The Spanish oil major will fetch up to C$400 million ($304.65 million) from the sale, one of the sources said.
Repsol and Teine have applied for regulatory approvals for the deal, and anticipate receiving those by the end of September, the sources said. They cautioned that there is no certainty that the Alberta regulators will allow the proposed transaction, and the deal could still fall apart.
CPPIB declined to comment while Repsol and Teine Energy did not respond to requests for comment.

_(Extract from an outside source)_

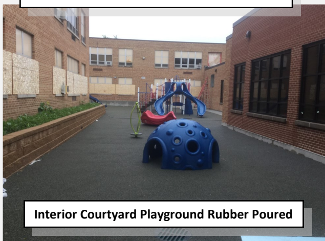
Interior Courtyard Playground Rubber Poured

The potential sale includes Repsol’s heavy oil and gas producing assets and the midstream infrastructure supporting these, like a network of about 1,800 kilometers (1,120 miles) of pipelines, the sources added. They requested anonymity to discuss confidential negotiations.

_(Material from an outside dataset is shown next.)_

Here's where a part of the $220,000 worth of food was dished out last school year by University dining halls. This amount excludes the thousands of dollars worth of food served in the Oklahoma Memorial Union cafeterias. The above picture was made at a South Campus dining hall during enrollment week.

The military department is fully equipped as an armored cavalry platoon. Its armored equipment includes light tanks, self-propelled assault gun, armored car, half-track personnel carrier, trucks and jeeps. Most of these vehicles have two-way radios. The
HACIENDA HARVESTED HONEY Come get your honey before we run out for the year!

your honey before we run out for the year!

Reuters reported in February that Repsol was considering the sale of some of its Canadian assets, aiming to cash in on an oil and gas bonanza.

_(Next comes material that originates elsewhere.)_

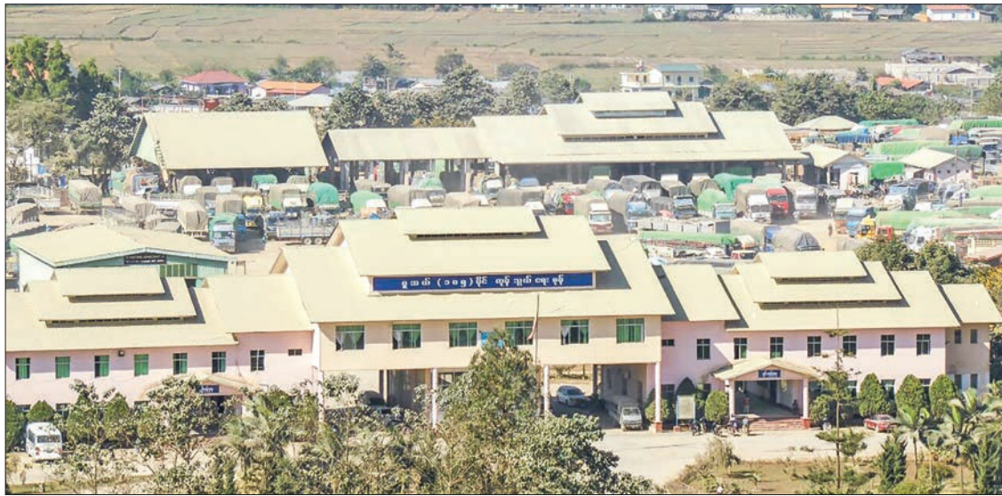
China shut down all the checkpoints linking to a major border post Muse amidst the COVID-19 pandemic. Of the checkpoints, Kyinsankyawt has resumed trading activity from 26 November on a trial run.

Last month, border trade values amounted to $100.9 million through Muse border, $17.424 million via Lweje, $5.3 million via Chinshwehaw, $16.259 million via Kampai-

The sale would also allow Repsol to divert cash and efforts in more prolific shale regions, like the Eagle Ford shale play in the United States, or boost renewables investments, the sources said.
Energy prices have receded in recent weeks but remain elevated. Global benchmark Brent crude is up more than 20% so far this year, trading at around $93 a barrel on Tuesday.
That surge has encouraged oil majors to sell assets in Canada, the fourth-biggest oil-producing nation.
Exxon Mobil Corp and its Canadian unit Imperial Oil Ltd sold their XTO Energy Canada joint venture to Whitecap Resources Inc for C$1.9 billion ($1.5 billion)in June, while Japan’s JAPEX sold its stake in the Hangingstone oil sands project last year.
Repsol’s website calls Chauvin one of its foundational heavy oil assets, although the company last conducted new drilling in the field at least four years ago, the sources said. Repsol’s production from the field ranges around 6,800 barrels of oil equivalent per day, according to the sources.
After a sale of the Chauvin asset, Repsol will still own land in other gas-producing fields across Canada and power infrastructure, among other assets.